Listed entries START

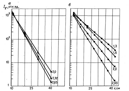 сопоставления I/I0 и I2/I0 следует, что зависимость Ln(I/I0) = f(ρ) близка к линейной при z > 20 см.
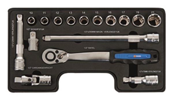 - 10 doppen (10, 11, 12, 13, 14, 15, 16, 17, 19 en 21 mm)
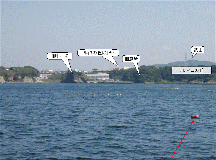 南南西側から定置網の西側(沖側)を撮影(定置網本体は見づらい) | |||||||||||
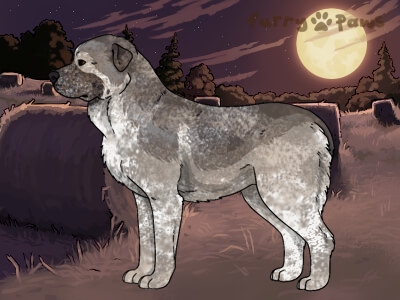 | Color: | Roaned Silver and White (Piebald) with Black Sable and Mask |
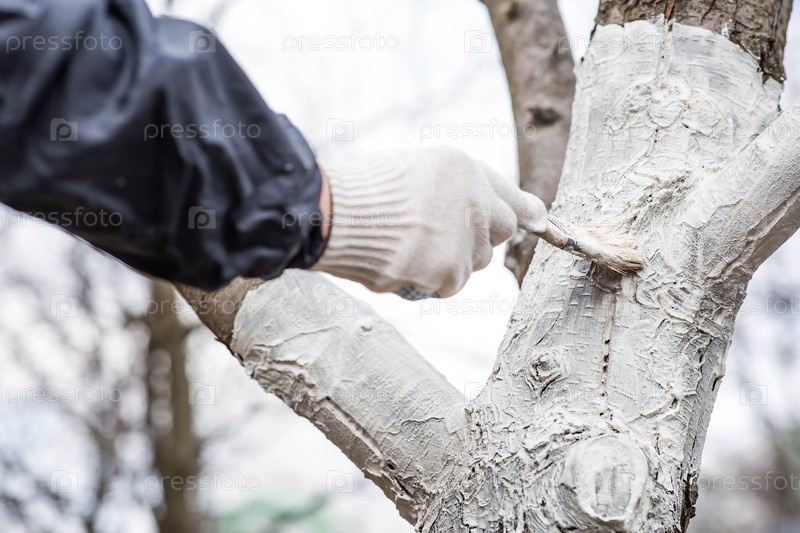 Весеннее садоводство. Побелка плодовых деревьев от насекомых и болезней. Ствол дерева и рука садовника с кистью и побелкой, красящая яблоню
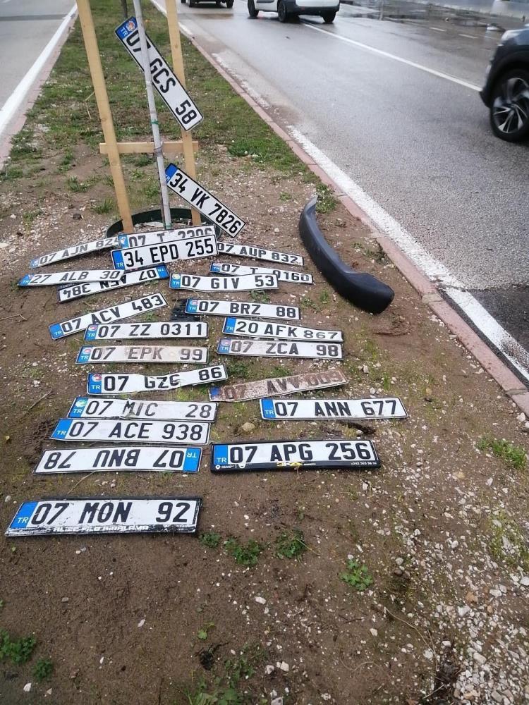 Antalya’da aşırı yağışın ardından sel sularına karışan araç plakaları refüjde sergilendi.
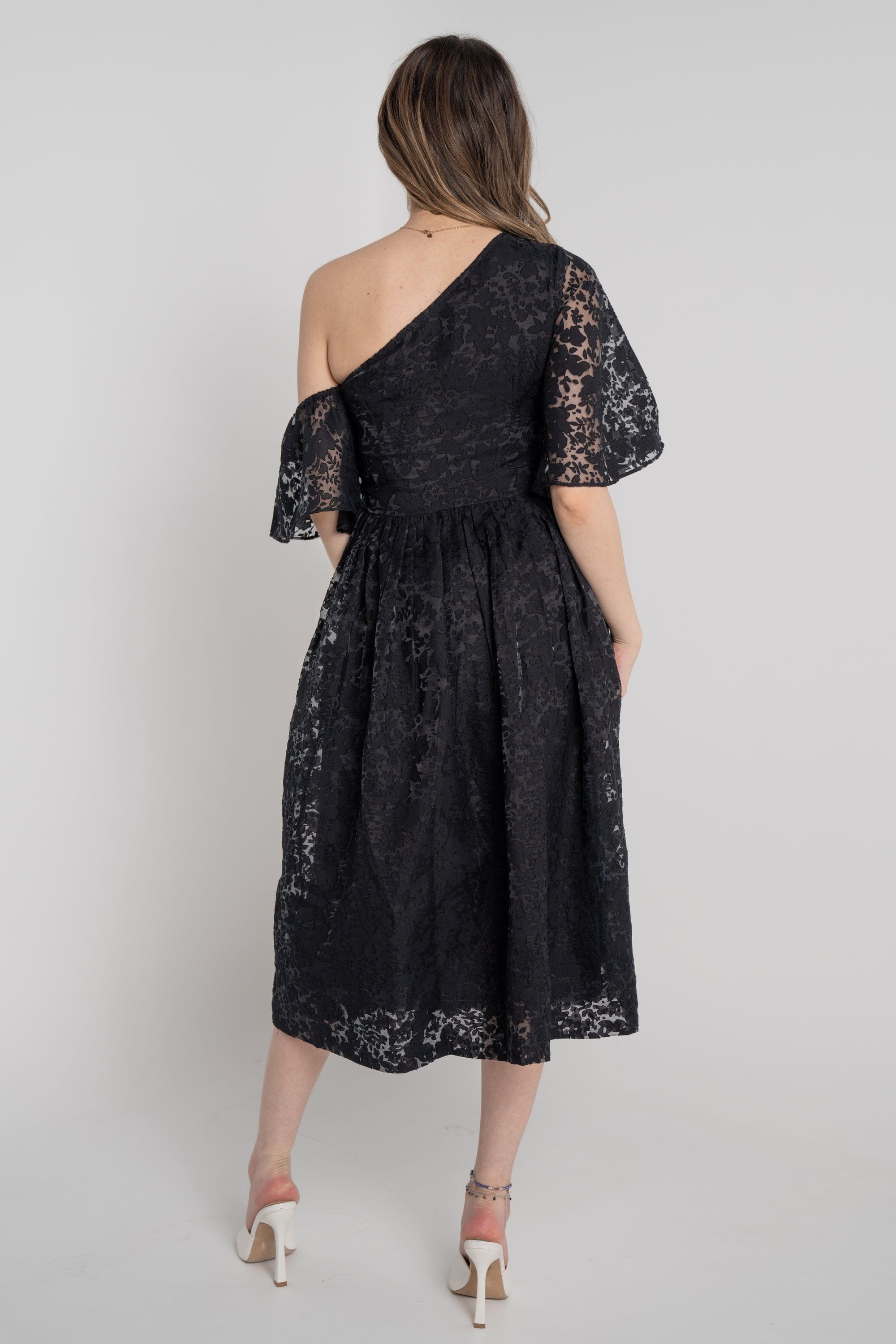 - ياقة كتف واحد مع كم قصير تضفي لمسة أنثوية جريئة
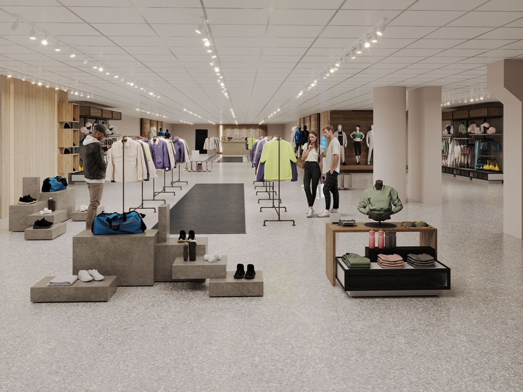 Lokalen inrymmer idag stor öppen yta samt flera förråd, kontor, kök, omklädningsrum och wc.
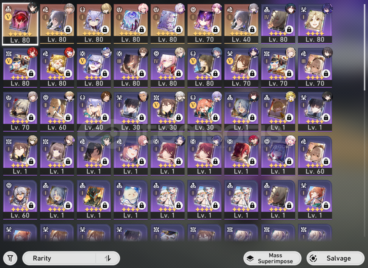 Karakterler ve Light Conelar görüldüğü gibi. 6-7 M credisi vardı sanırsam bayağı da mor expsi var. Pitysi 30-40 gibi. Hyacine çıktı en son. Farklı bir hesap aldığımdan satıyorum.
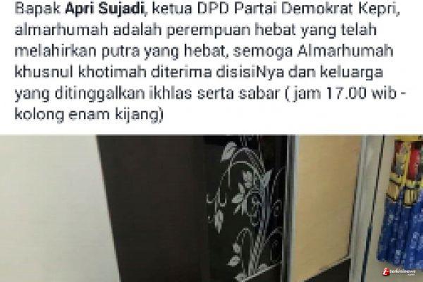 Kabar duka tersebut dikabarkan oleh Ketua Demokrat Tanjungpinang Husnizar Hood di alun facebooknya.
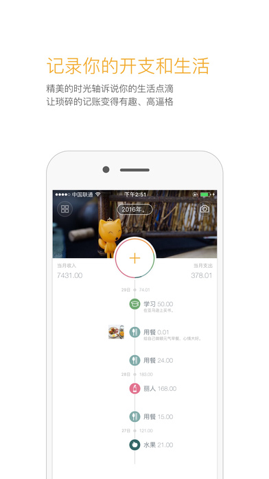 新鲜、高品质的记账应用。超多惊喜体验。独创时间轴记账法,告别复杂和枯燥,记下你钱包鼓鼓的时光。
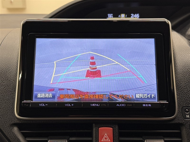 バックガイドモニター付きです。車の後方に小型カメラが付いており、バックする際の後方の様子をモニター上に表示します。
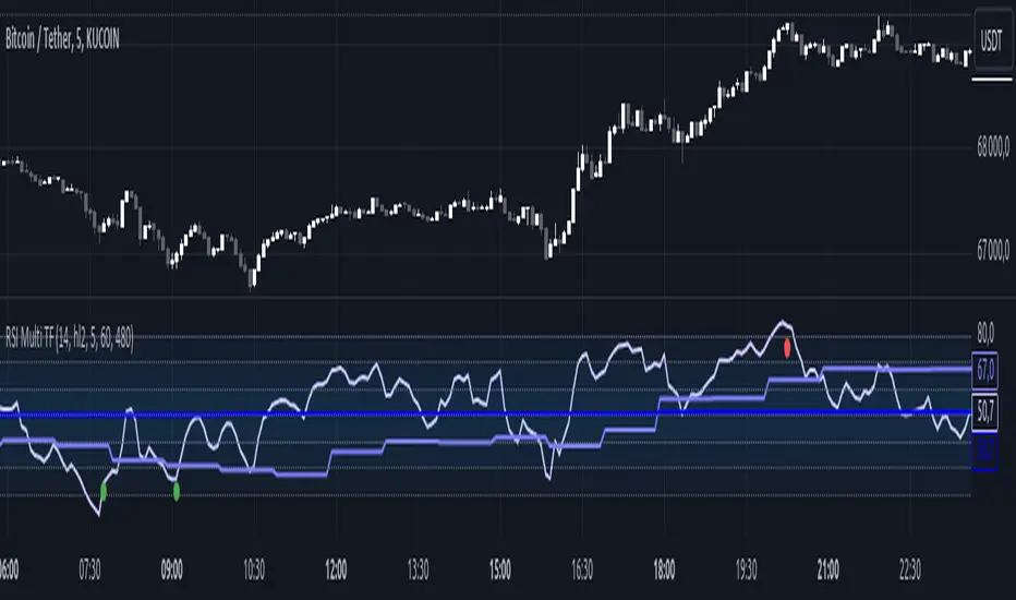 The RSI Multiple TimeFrame script is designed to enhance trading decisions by providing a comprehensive view of the Relative Strength Index (RSI) across multiple timeframes. This tool helps traders identify overbought and oversold conditions more accurately by analyzing RSI values on different intervals simultaneously. This is particularly useful for traders who employ multi-timeframe analysis to confirm signals and make more informed trading decisions.
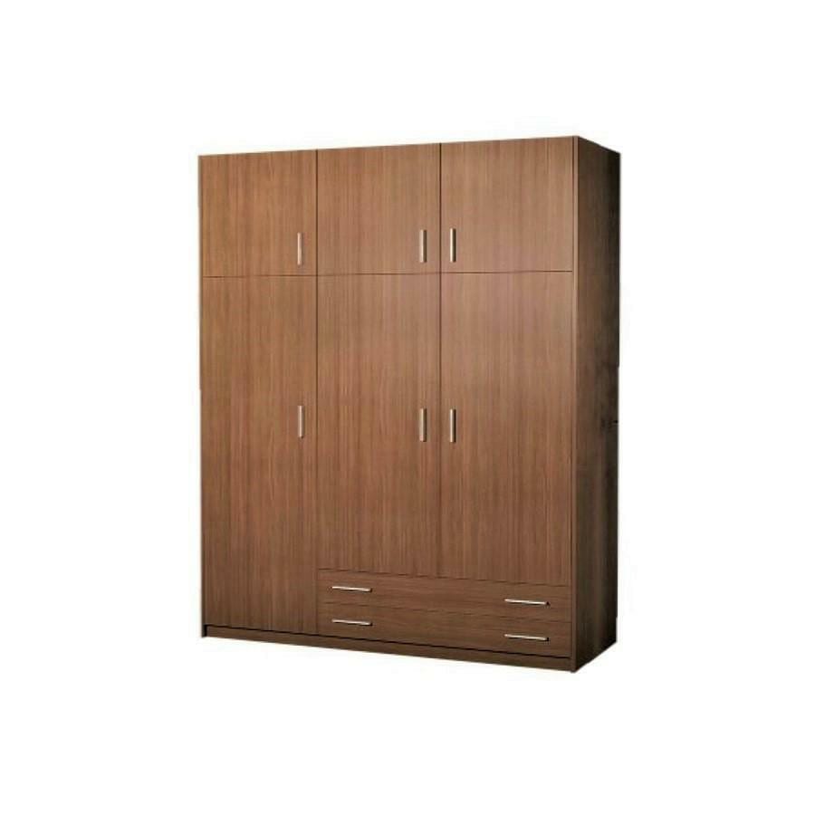 Ντουλάπα ελληνικής προέλευσης, με 2 συρτάρια, 1 ράφι και μία μεταλλική βέργα στο μονόφυλλο, και μια βέργα ακόμη στο δίφυλλο για το κρέμασμα ρούχων. Κατασκευασμένη από μελαμίνη υψηλής ποιότητας και αντοχής, αποτελεί ένα απαραίτητο έπιπλο στο υπνοδωμάτιο για την καλύτερη οργάνωση των ενδυμάτων σας.

Listed entries END

Work item.
Transcribe the data word for word, with no images.

Exercise result.
 сопоставления I/I0 и I2/I0 следует, что зависимость Ln(I/I0) = f(ρ) близка к линейной при z > 20 см.
 - 10 doppen (10, 11, 12, 13, 14, 15, 16, 17, 19 en 21 mm)
 南南西側から定置網の西側(沖側)を撮影(定置網本体は見づらい) | |||||||||||
 | Color: | Roaned Silver and White (Piebald) with Black Sable and Mask |
 Весеннее садоводство. Побелка плодовых деревьев от насекомых и болезней. Ствол дерева и рука садовника с кистью и побелкой, красящая яблоню
 Antalya’da aşırı yağışın ardından sel sularına karışan araç plakaları refüjde sergilendi.
 - ياقة كتف واحد مع كم قصير تضفي لمسة أنثوية جريئة
 Lokalen inrymmer idag stor öppen yta samt flera förråd, kontor, kök, omklädningsrum och wc.
 Karakterler ve Light Conelar görüldüğü gibi. 6-7 M credisi vardı sanırsam bayağı da mor expsi var. Pitysi 30-40 gibi. Hyacine çıktı en son. Farklı bir hesap aldığımdan satıyorum.
 Kabar duka tersebut dikabarkan oleh Ketua Demokrat Tanjungpinang Husnizar Hood di alun facebooknya.
 新鲜、高品质的记账应用。超多惊喜体验。独创时间轴记账法,告别复杂和枯燥,记下你钱包鼓鼓的时光。
 バックガイドモニター付きです。車の後方に小型カメラが付いており、バックする際の後方の様子をモニター上に表示します。
 The RSI Multiple TimeFrame script is designed to enhance trading decisions by providing a comprehensive view of the Relative Strength Index (RSI) across multiple timeframes. This tool helps traders identify overbought and oversold conditions more accurately by analyzing RSI values on different intervals simultaneously. This is particularly useful for traders who employ multi-timeframe analysis to confirm signals and make more informed trading decisions.
 Ντουλάπα ελληνικής προέλευσης, με 2 συρτάρια, 1 ράφι και μία μεταλλική βέργα στο μονόφυλλο, και μια βέργα ακόμη στο δίφυλλο για το κρέμασμα ρούχων. Κατασκευασμένη από μελαμίνη υψηλής ποιότητας και αντοχής, αποτελεί ένα απαραίτητο έπιπλο στο υπνοδωμάτιο για την καλύτερη οργάνωση των ενδυμάτων σας.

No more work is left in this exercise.